Wenn der Gemeinderat am 8. März über eine Verkehrsberuhigung der Überlinger Innenstadt abstimmt, stimmt die FDP mit Nein. Das kündigte die Fraktion gestern in einem Pressegespräch an. Voraussetzung für ein Ja zur autofreien Altstadt sei der Bau einer Grabentrasse. Das Risiko, dass der Überlinger Handel in seiner Existenz gefährdet wird, wenn das Stadttor für Autos einfach geschlossen, zum Ausgleich aber keine neue Umfahrung gebaut wird, trage die FDP nicht mit. Wenn sich die Stadtspitze einer Prüfung der Grabentrasse verschließt, verpasse sie eine historische Chance. Denn erstmals befürworte auch der Überlinger Handel eine verkehrsberuhigte Innenstadt, allerdings, wie die FDP, nur mit einer Grabentrasse. Die Freidemokraten bestehen darauf, dass zunächst über den interfraktionellen Antrag abgestimmt wird, wonach die Machbarkeit einer Grabentrasse zu prüfen sei.

Die FDP-Räte Raimund Wilhelmi, Ingo Wörner und Reinhard A. Weigelt (Bernhard Bueb nahm am Pressegespräch nicht teil) gehen damit auf Konfrontationskurs zu Oberbürgermeisterin Sabine Becker, die sich kategorisch gegen einen Ausbau der Grabentrasse ausspricht. Die Art und Weise, wie Becker ihre Position durchzuboxen versuche, ärgert die FDP. Wilhelmi: „Wir schätzen Frau Becker, aber hier geht sie wie ein Rambo durch.

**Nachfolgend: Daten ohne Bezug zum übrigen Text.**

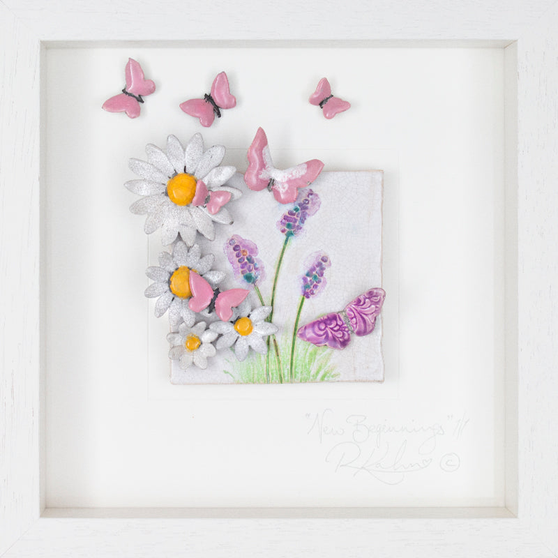 Feminine, lavender, purples and pink, with delicate wild daisies in a wild flower meadow, in this piece portraying a wonderful message, 'New Beginnings'...
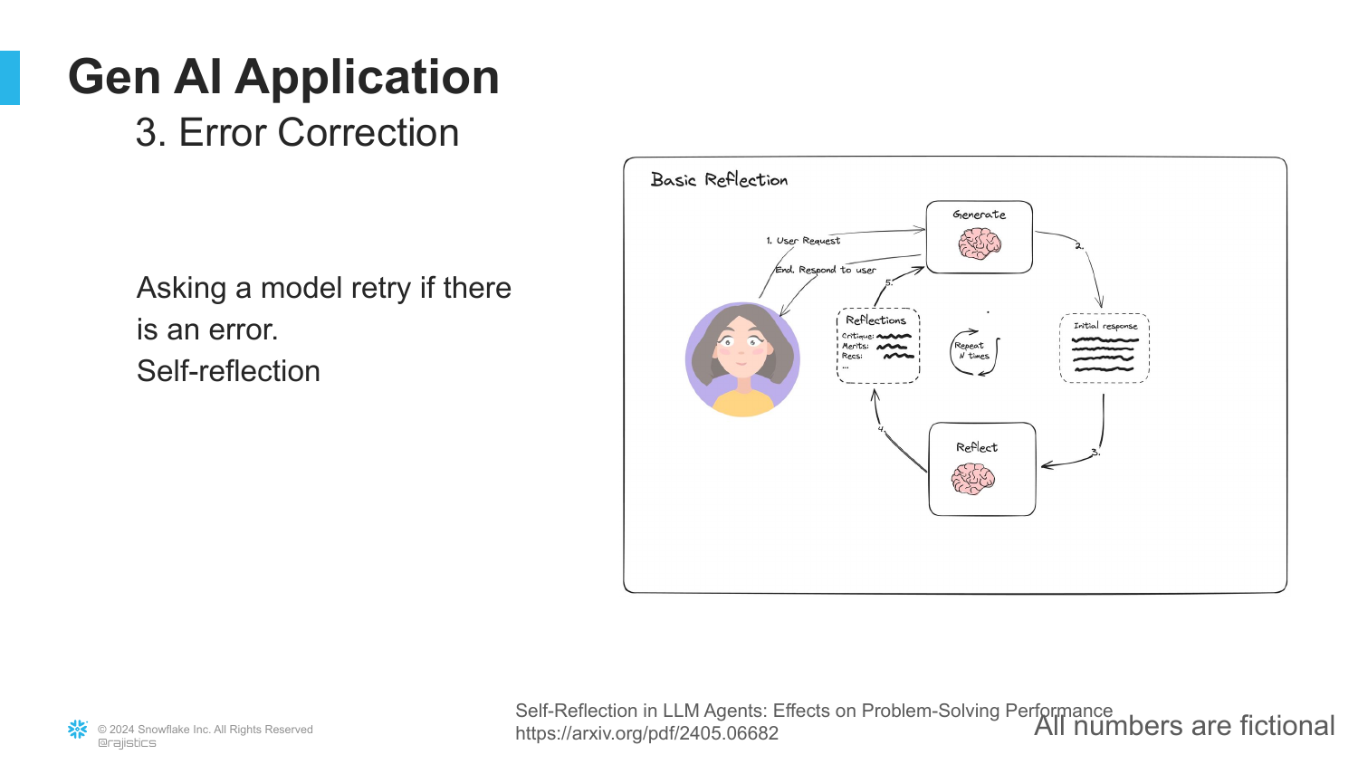 The next optimization is Error Correction via self-reflection. When the model generates an error, the system asks the model to “reflect upon it” or think “step-by-step.”

“ Die Oberbürgermeisterin sei „gefangen in einer Gruppe, die eine kurzfristige Lösung will, einen schnellen politischen Erfolg“. Dieser sei aber mit der FDP nicht zu machen, auch nicht mit dem Wirtschaftsverbund Überlingen (WVÜ). Es sei doch bemerkenswert, sagte Wilhelmi, wenn Stefan Kitt, der Vorsitzende im WVÜ-Arbeitskreis Handel, 150 Unterschriften für eine Grabentrasse sammelt. Diese könne man nicht einfach übergehen, sondern müsse erkennen, welche „historische Chance“ sich derzeit auftut. Zum ersten Mal sprächen sich alle Beteiligten für eine komplette Innenstadtberuhigung aus, die eine Seite eben unter der Voraussetzung, dass es eine Grabentrasse gibt, über die der Verkehr stadtnah fließt. Raimund Wilhelmi: „Man muss das untersuchen. Politische Manöver und Manipulationen bei der Tagesordnung sind zu kurz gedacht und eine historische Chance wäre vertan.“

Die von Becker vorgetragenen Einwände, die die Denkmalbehörde gegen eine Grabentrasse in einem Brief formulierte, halten die FDP-Gemeinderäte für ein „Gefälligkeitsschreiben“. Das Schreiben aus Tübingen, mutmaßt Weigelt, beziehe sich auf eine „Horrorplanung“, die 2008 als Idee geboren worden sei mit dem Ziel, das Thema rasch zu beerdigen. Über dem damaligen Plan stehe zwar das Stichwort Grabentrasse, er sei mit den Vorstellungen von heute aber nicht vergleichbar, müsse von der Denkmalbehörde also neu bewertet werden. Wie Weigelt sagte, genüge eine sieben Meter breite Trasse für zwei Fahrbahnen, sie könne teilweise „eingeröhrt“ und begrünt werden.

In den Plänen von 2008 sei sie viel breiter, mit Fuß- und Radweg. Die jetzt angedachte Variante sei mit Baukosten von 3,5 bis 4 Millionen Euro finanzierbar, prognostiziert Wörner. Und Wilhelmi stellte die These auf, dass dem Denkmalschutz mehr entsprochen werde, wenn auf der Grabentrasse zwar Autos fahren, im Gegenzug aber die komplette Innenstadt autofrei wird.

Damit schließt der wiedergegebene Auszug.